Pictures stay out of the copy. Transcribe exactly the lines from the line with "商品名称:钢丝绳双向锁线器吊码可调节led灯具吊绳固定面板灯五金灯饰配件" through the final line of the records.

[Records from a data collection]
-- -- --

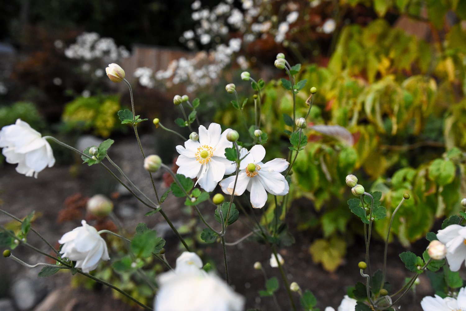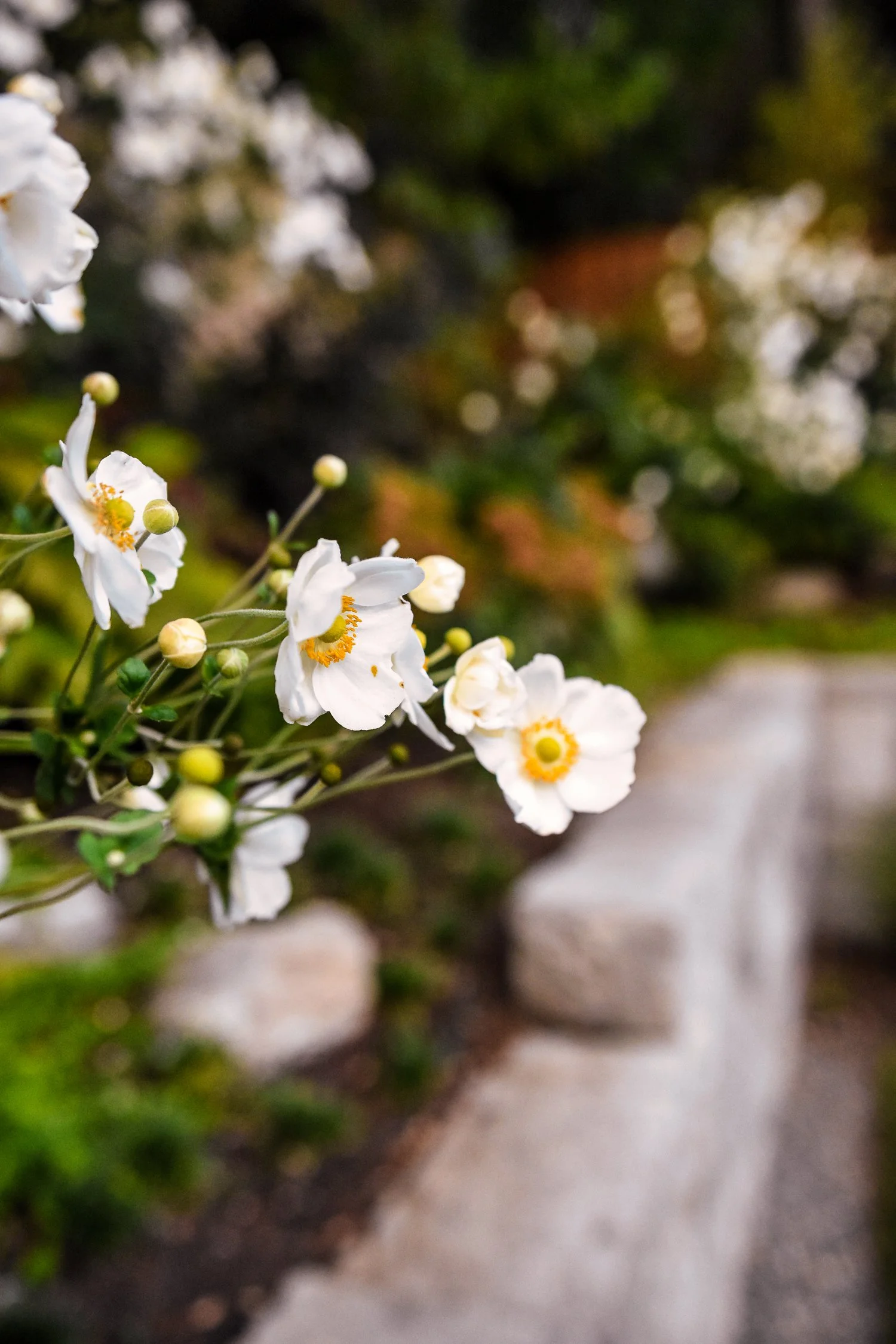Inspired by Japanese garden design, the plant design features sculptural Boxwood and Rhododendron punctuated by vibrant Hydrangea and textured Japanese Maple trees with a variety of colorful perennials and airy ornamental grasses throughout the landscape.
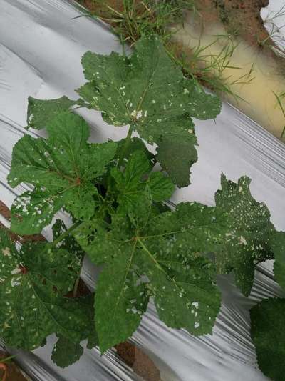 Hi Allu Ramachandra. Your okra crop is severely effected by Flea Beetles . Click on green link for checking symptoms and taking control measures from Plantix library.
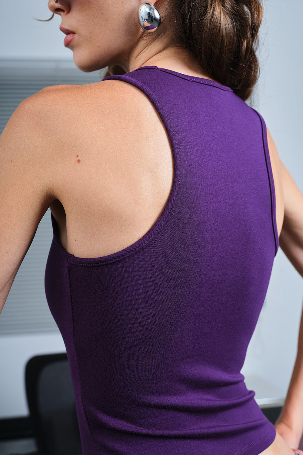 Add a vibrant touch to your wardrobe with the Purple Square Neck Tank, designed for women who value comfort, style, and a flattering fit. Crafted from a premium blend of 80% modal, 15% polyester, and 5% spandex, this tank is soft, breathable, and slightly stretchy, offering a form-fitting silhouette that moves comfortably with you. With a GSM of 400, the mid-weight fabric ensures durability while maintaining its shape for long-lasting wear. The square neckline creates a modern, elegant silhouette, making it perfect for casual outings, layering, or smart-casual occasions. The rich purple shade adds a pop of color and pairs effortlessly with jeans, skirts, or shorts for versatile styling options. Ideal for everyday wear or relaxed occasions, the Purple Square Neck Tank combines comfort, sophistication, and contemporary design, making it a must-have wardrobe essential for women seeking a stylish and versatile top.
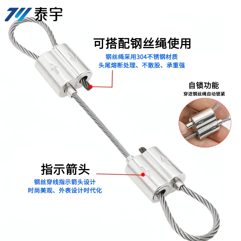 商品名称:钢丝绳双向锁线器吊码可调节led灯具吊绳固定面板灯五金灯饰配件
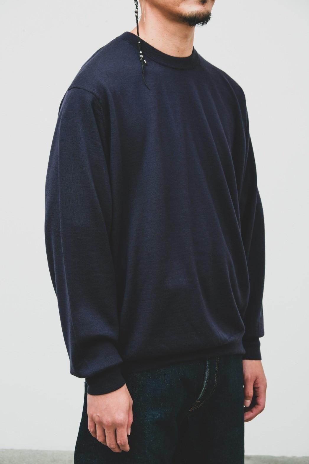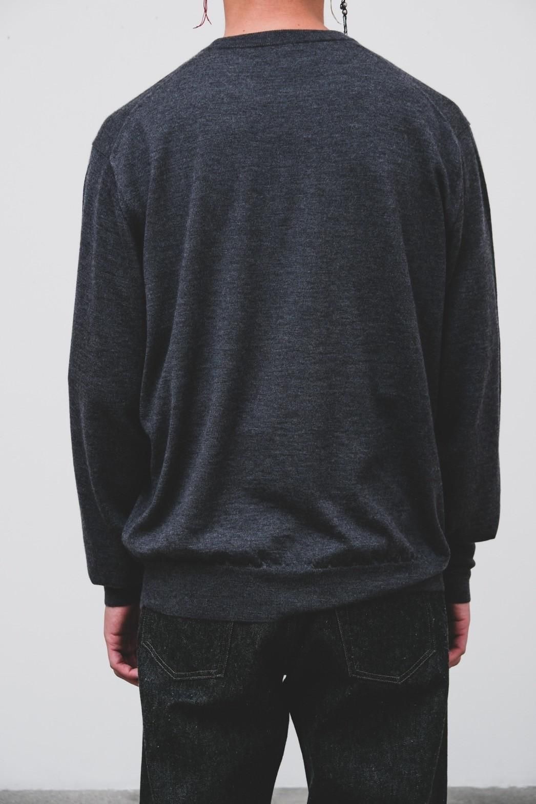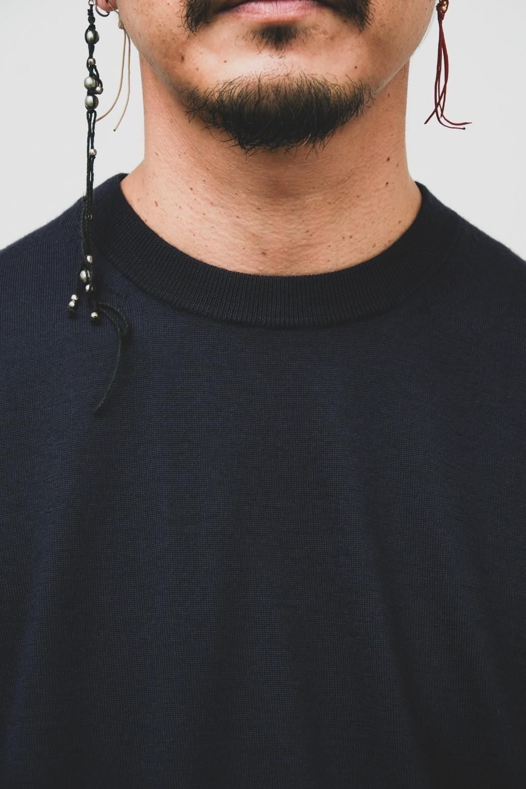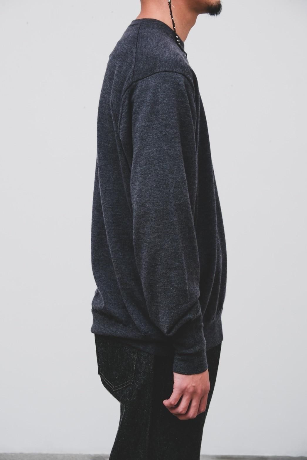 インナーとしての着用に重きを置いたシルエットバランスに設計したクルーネックニット。 中国内蒙古自治区西部の特定の地域で産出された最高級梳毛カシミヤを使用し18ゲージできめ細かく編み立てた。60番の細く柔らかで繊細なカシミヤ糸を三子撚りすることで、適度な肉感と強度を出した。

-- -- --

◆ EXERCISE OUTPUT ◆
 商品名称:钢丝绳双向锁线器吊码可调节led灯具吊绳固定面板灯五金灯饰配件
 インナーとしての着用に重きを置いたシルエットバランスに設計したクルーネックニット。 中国内蒙古自治区西部の特定の地域で産出された最高級梳毛カシミヤを使用し18ゲージできめ細かく編み立てた。60番の細く柔らかで繊細なカシミヤ糸を三子撚りすることで、適度な肉感と強度を出した。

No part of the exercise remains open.